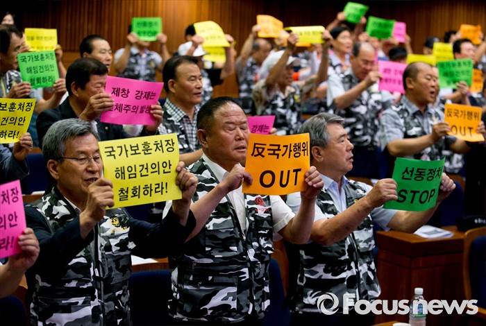 (서울=포커스뉴스) 28일 오전 서울 여의도 국회 헌정기념관에서 열린 '임을 위한 행진곡' 기념곡 지정저지 범국민대책본부 출범식 및 결의대회에 참석한 관련단체 회원 및 참석자들이 피켓을 들고 구호를 외치고 있다.
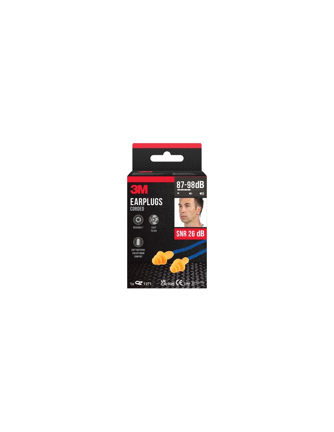 Los tapones con cord n reutilizables 3M 1271 cuentan con un dise o de tres pesta as para un ajuste ptimo en la mayor a de tama os de canales auditivos. Ayudan a reducir los niveles de ruido hasta 26 dB, probado seg ºn EN 352:2020. Utiliza los tapones con cord n reutilizables 3M 1271 para obtener una protecci n c moda y duradera contra niveles de ruido de bajos a moderados. Fabricados con elast mero termopl stico (TPE) suave y duradero, su forma de triple brida es c nica para adaptarse a la mayor a de los tama os de canal auditivo. El dise o de agarre para los dedos hace que la inserci n y retirada sean simples, c modas e higi nicas. Con cord n para mantenerlos unidos y evitar su p rdida. Se pueden lavar con detergente suave. Embalado en un paquete tipo almohada de cart n reciclable y reutilizable. Caracter sticas: -ESTOS TAPONES PARA LOS O DOS AYUDAN A PROTEGER SU O DO: al utilizar herramientas el ctricas, por ejemplo, perforar, aserrar o lijar o al trabajar en el jard n, por ejemplo, cortando o podando el c sped -REDUCCI N DE RUIDO: estos tapones para los o dos ayudan a reducir los niveles de ruido hasta 26 dB -REUTILIZABLE Y LAVABLE: con agua y jab n suave -F CIL DE INSERTAR Y RETIRAR: gracias a la varilla de agarre con los dedos y al dise o de triple brida -CON CORD N: para mantenerlos unidos y evitar su p rdida -Cumple con la norma europea EN 352-2:2020 (CE 2797, UKCA 0086) -Contenido del paquete: 1 par Especificaciones: -Color: Azul, naranja -Tipo de producto: Tapones -Material: Elast mero termopl stico (TPE) -Indice atenuacion de ruido: 26 dB -Cord n: Con cord n
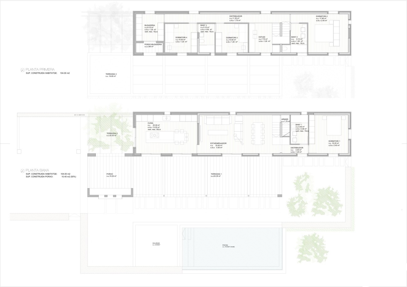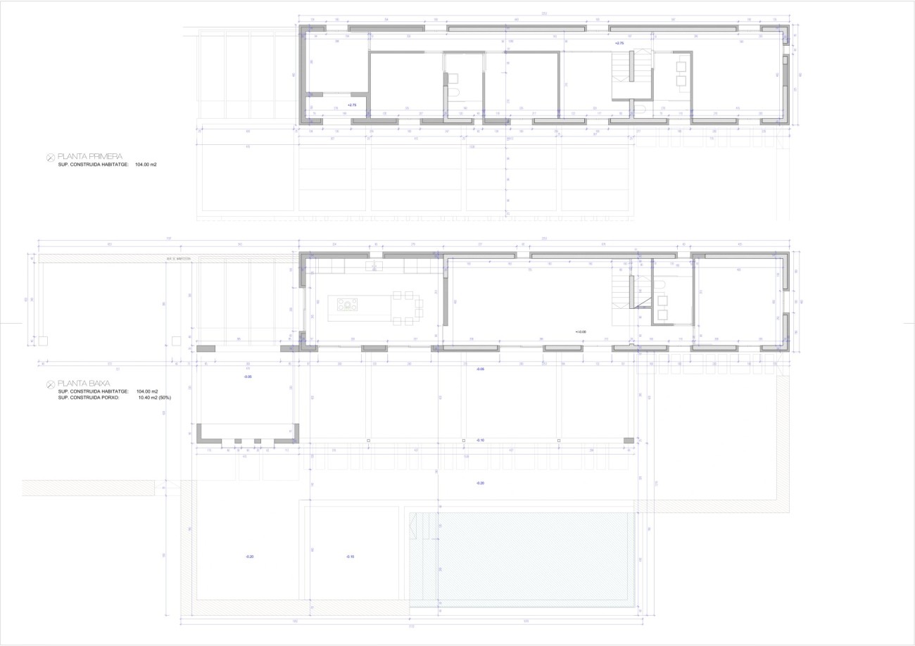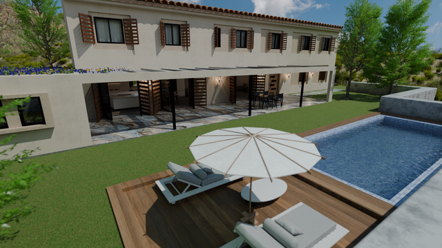 De woning wordt geleverd met een goedgekeurde bouwvergunning voor de renovatie en uitbreiding van een vrijstaande eengezinswoning met een totale bebouwde oppervlakte van 220 m², plus een zwembad van 40 m². De geplande indeling biedt een goed ontworpen en comfortabel woonconcept:
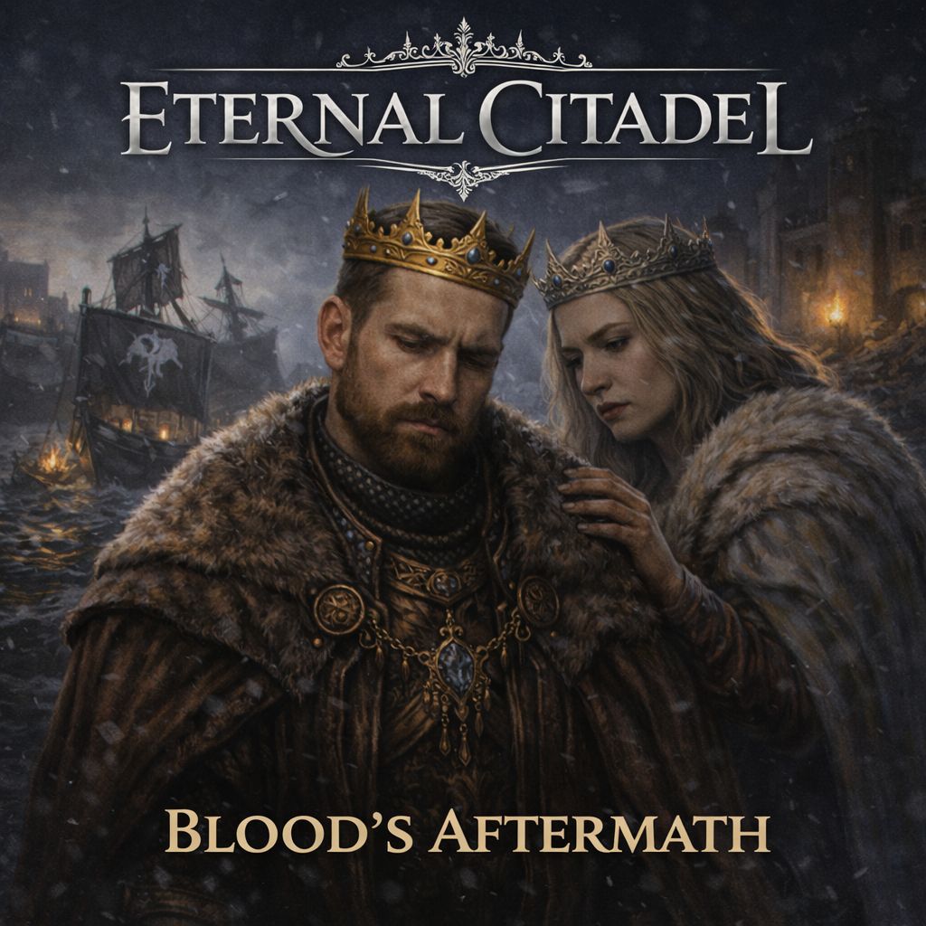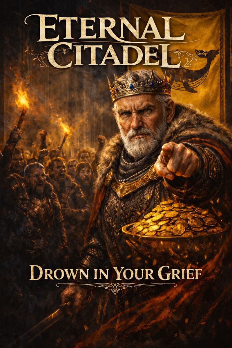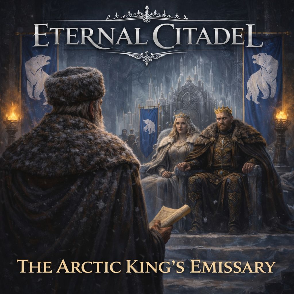 Epic metal song with a cold, northern atmosphere and strong forward momentum, Opens with a short Nordic-inspired instrumental section using low strings or folk-style melody over steady percussion, Instrumental intro transitions quickly into an energetic uptempo metal groove, Driving drums with tight, disciplined rhythms and bursts of double-kick, Sharp, aggressive rhythm guitars in a minor key, Clean, commanding male vocals with a controlled, authoritative delivery, Clear contrast between emissary verses and the king’s forceful responses, Focused, punchy chorus that locks in rather than explodes, Cinematic and tense, building toward restrained but unmistakable threat
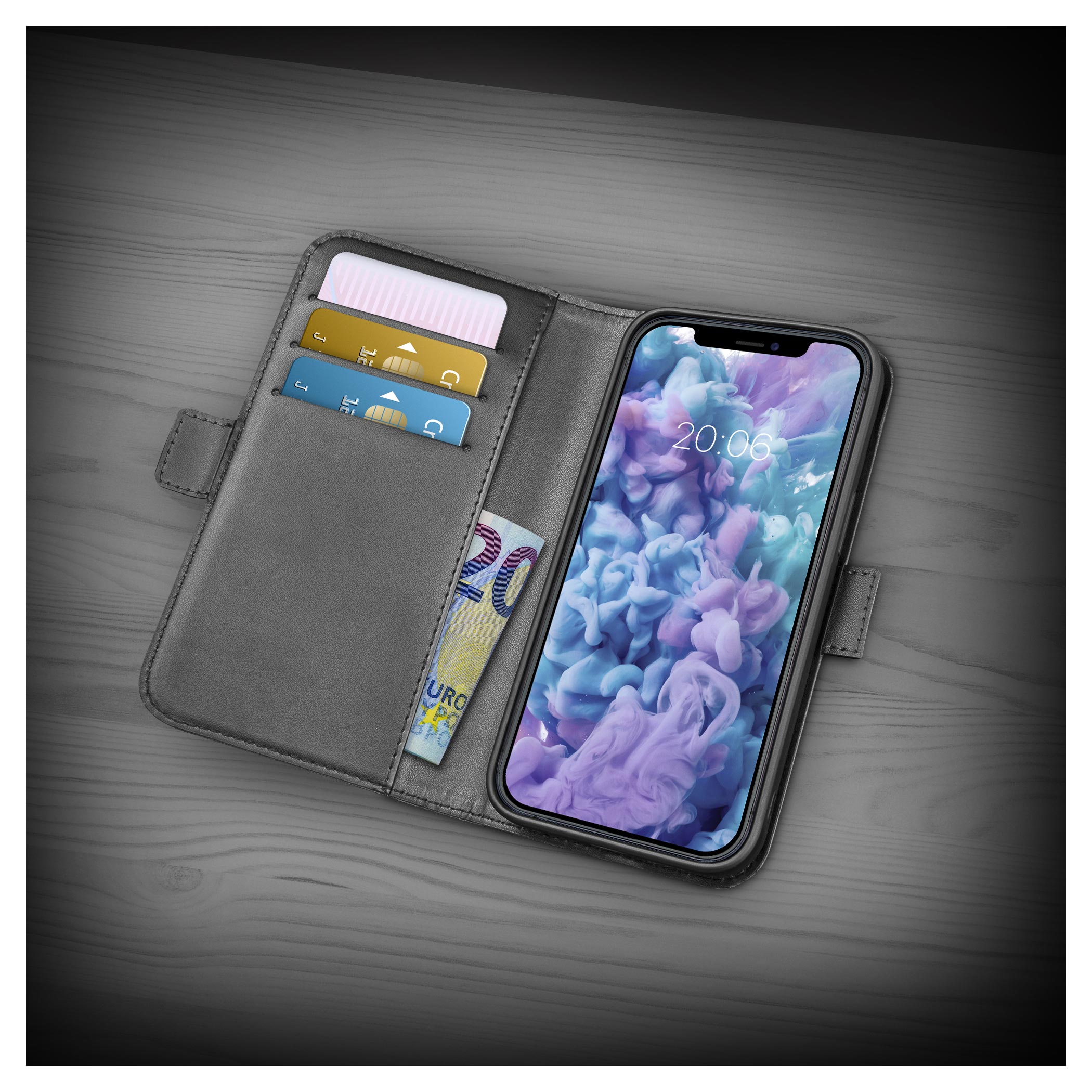 Elegantní kožený design evokující peněženku díky zabudovaným přihrádkám na karty a jedné velké kapse na bankovky.Silikonová vnitřní výstelka

# PROBLEM DETAILS:
Without the pictures, give every line of the data again, exactly as written.

# RESPONSE BOX:
 (서울=포커스뉴스) 28일 오전 서울 여의도 국회 헌정기념관에서 열린 '임을 위한 행진곡' 기념곡 지정저지 범국민대책본부 출범식 및 결의대회에 참석한 관련단체 회원 및 참석자들이 피켓을 들고 구호를 외치고 있다.
 Los tapones con cord n reutilizables 3M 1271 cuentan con un dise o de tres pesta as para un ajuste ptimo en la mayor a de tama os de canales auditivos. Ayudan a reducir los niveles de ruido hasta 26 dB, probado seg ºn EN 352:2020. Utiliza los tapones con cord n reutilizables 3M 1271 para obtener una protecci n c moda y duradera contra niveles de ruido de bajos a moderados. Fabricados con elast mero termopl stico (TPE) suave y duradero, su forma de triple brida es c nica para adaptarse a la mayor a de los tama os de canal auditivo. El dise o de agarre para los dedos hace que la inserci n y retirada sean simples, c modas e higi nicas. Con cord n para mantenerlos unidos y evitar su p rdida. Se pueden lavar con detergente suave. Embalado en un paquete tipo almohada de cart n reciclable y reutilizable. Caracter sticas: -ESTOS TAPONES PARA LOS O DOS AYUDAN A PROTEGER SU O DO: al utilizar herramientas el ctricas, por ejemplo, perforar, aserrar o lijar o al trabajar en el jard n, por ejemplo, cortando o podando el c sped -REDUCCI N DE RUIDO: estos tapones para los o dos ayudan a reducir los niveles de ruido hasta 26 dB -REUTILIZABLE Y LAVABLE: con agua y jab n suave -F CIL DE INSERTAR Y RETIRAR: gracias a la varilla de agarre con los dedos y al dise o de triple brida -CON CORD N: para mantenerlos unidos y evitar su p rdida -Cumple con la norma europea EN 352-2:2020 (CE 2797, UKCA 0086) -Contenido del paquete: 1 par Especificaciones: -Color: Azul, naranja -Tipo de producto: Tapones -Material: Elast mero termopl stico (TPE) -Indice atenuacion de ruido: 26 dB -Cord n: Con cord n
 De woning wordt geleverd met een goedgekeurde bouwvergunning voor de renovatie en uitbreiding van een vrijstaande eengezinswoning met een totale bebouwde oppervlakte van 220 m², plus een zwembad van 40 m². De geplande indeling biedt een goed ontworpen en comfortabel woonconcept:
 Epic metal song with a cold, northern atmosphere and strong forward momentum, Opens with a short Nordic-inspired instrumental section using low strings or folk-style melody over steady percussion, Instrumental intro transitions quickly into an energetic uptempo metal groove, Driving drums with tight, disciplined rhythms and bursts of double-kick, Sharp, aggressive rhythm guitars in a minor key, Clean, commanding male vocals with a controlled, authoritative delivery, Clear contrast between emissary verses and the king’s forceful responses, Focused, punchy chorus that locks in rather than explodes, Cinematic and tense, building toward restrained but unmistakable threat
 Elegantní kožený design evokující peněženku díky zabudovaným přihrádkám na karty a jedné velké kapse na bankovky.Silikonová vnitřní výstelka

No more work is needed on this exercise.